Он сел, поспешно написал несколько строк и отдал их Изабелле. Она с трудом подавила свое смятение, осушила слезы и прочла следующее:

«Любезный кузен, согласно моему ожиданию, дочь моя в отчаянии от столь несвоевременного и поспешного требования со стороны сэра Фредерика Лэнгли. Она не в силах даже постигнуть ни угрожающей нам опасности, ни того, до какой степени мы находимся в его руках. Ради бога, повлияйте на него в том смысле, чтобы он изменил свои условия; я же не могу да и не хочу понуждать к их принятию мою дочь, как потому, что этим возмущается ее собственное чувство, так и потому, что это противно всем правилам деликатности и благопристойности. Исполнением моей просьбы премного обяжете любящего вас Р. В.».

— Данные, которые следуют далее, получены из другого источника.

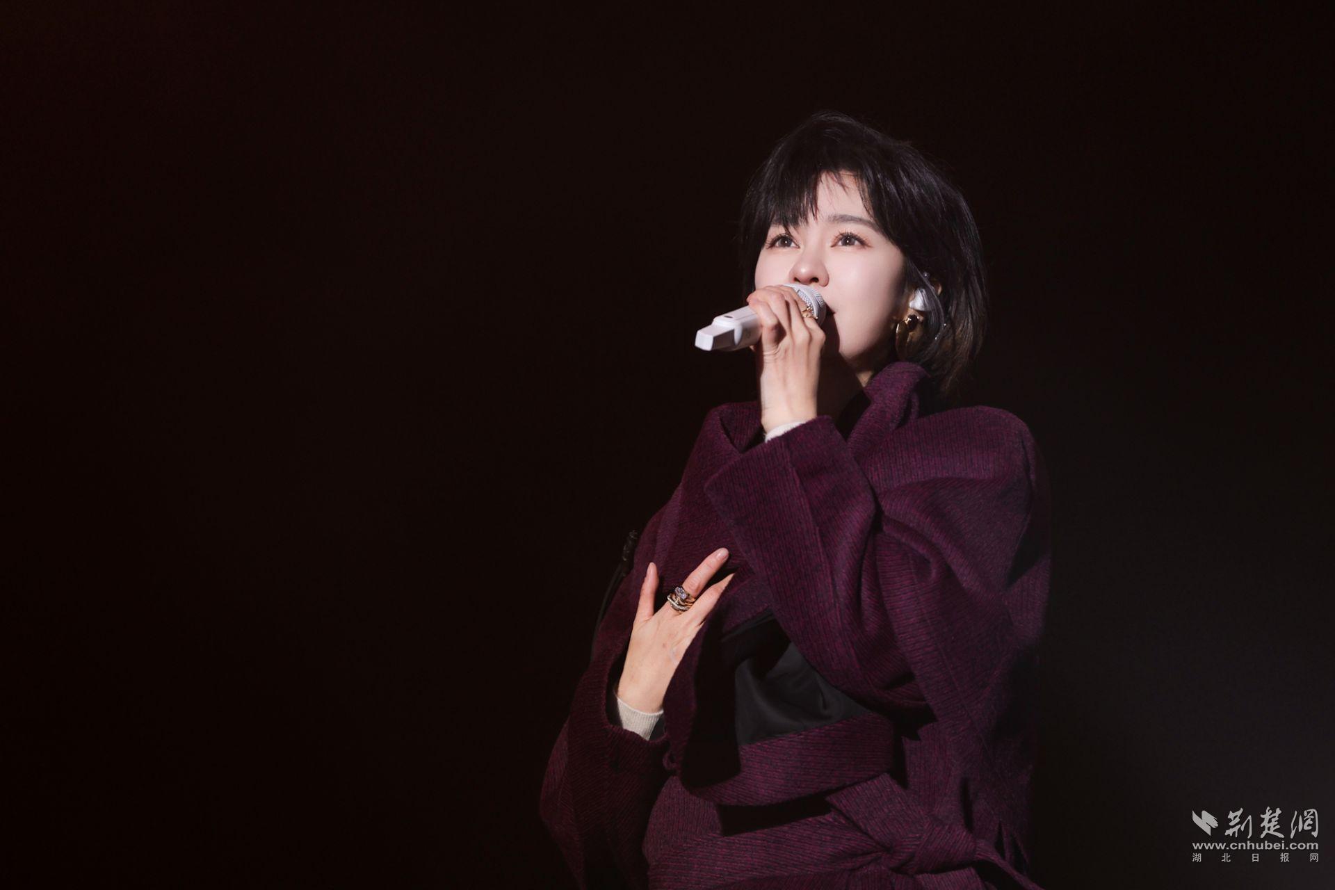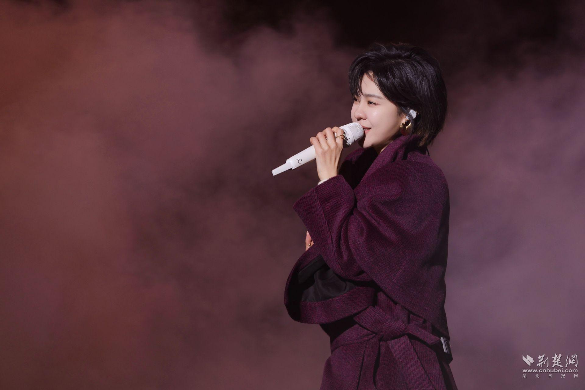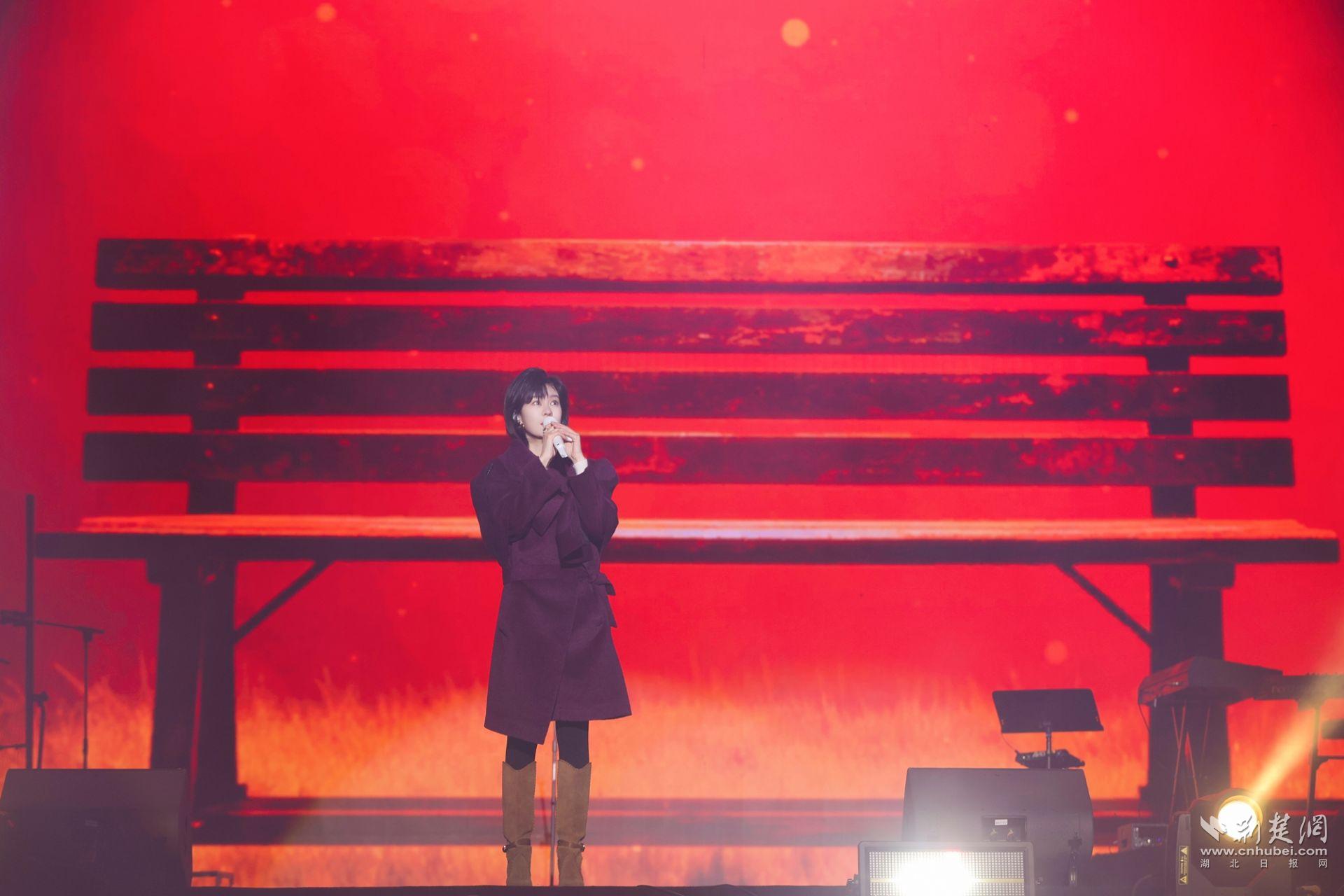 “非常感谢稻花香让我来到黄冈,虽然天气很冷,但是看到你们很暖心。”郁可唯优雅登场,温柔歌唱。面对热情似火的观众,郁可唯挥手回应。“我们说好不分离,要一直一直在一起……”《时间煮雨》的旋律一响,无数人的青春记忆被唤醒,郁可唯用她温暖的声音,将时光的故事娓娓道来。“知否,知否,应是绿肥红瘦”,流淌千年的婉约情思,在她《知否知否》的歌声中流转生姿。而《去有风的地方》带来清风般的治愈,与《路过人间》的透彻豁达遥相呼应,“路过人间,也才几十年”,轻轻抚慰着每一颗在尘世奔忙的心。她的歌声如清泉流淌,成为今夜最温柔的慰藉,也让这场与稻花香的相聚,更显绵长动人。

Мисс Вэр была так взволнована, и глаза ее были так отуманены слезами, что она едва понимала смысл читаемого; поэтому неудивительно, что она не заметила, что в письме гораздо более внимания обращалось на форму и срок сватовства, нежели на ее личное отвращение к жениху. Мистер Вэр позвонил, отдал письмо слуге, приказал подать его мистеру Маршалу, а сам встал и со всеми признаками глубокого волнения стал молча ходить взад и вперед по комнате, пока слуга не воротился с ответом. Пробежав записку Маршала, мистер Вэр отдал ее дочери и при этом крепко сжал ее руку. Содержание записки было таково:

«Дорогой кузен, я уже пробовал повлиять на баронета в указанном вами смысле, но он оказался непоколебим, подобно утесу. Я искренно огорчен тем, что он не желает делать ни малейших уступок девическим колебаниям моей милой кузины. Впрочем, сэр Фредерик согласен уехать из замка вместе со мной, немедленно после окончания брачной церемонии, так что мы с ним тотчас приступим к формированию своих отрядов и начнем кампанию. Таким образом может случиться, что новобрачного пришибут, прежде чем он успеет еще раз свидеться с молодой женой, и Белла, превратясь в леди Лэнгли, отделается очень дешево. Однако я должен сказать, что если она действительно склонна к этому браку, то теперь не время жеманиться и лучше пускай она не оттягивает исполнения церемонии: она и после может на досуге обдумать свое положение, тогда как нам всем недосуг ни каяться, ни раздумывать. Больше пока ничего не могу сказать и остаюсь преданный вам

Р. М.

P.S. Скажите Изабелле, что я предпочту перерезать горло баронету и тем сразу покончить с затруднительными вопросами, чем допустить, чтобы ее обвенчали с ним против ее желания».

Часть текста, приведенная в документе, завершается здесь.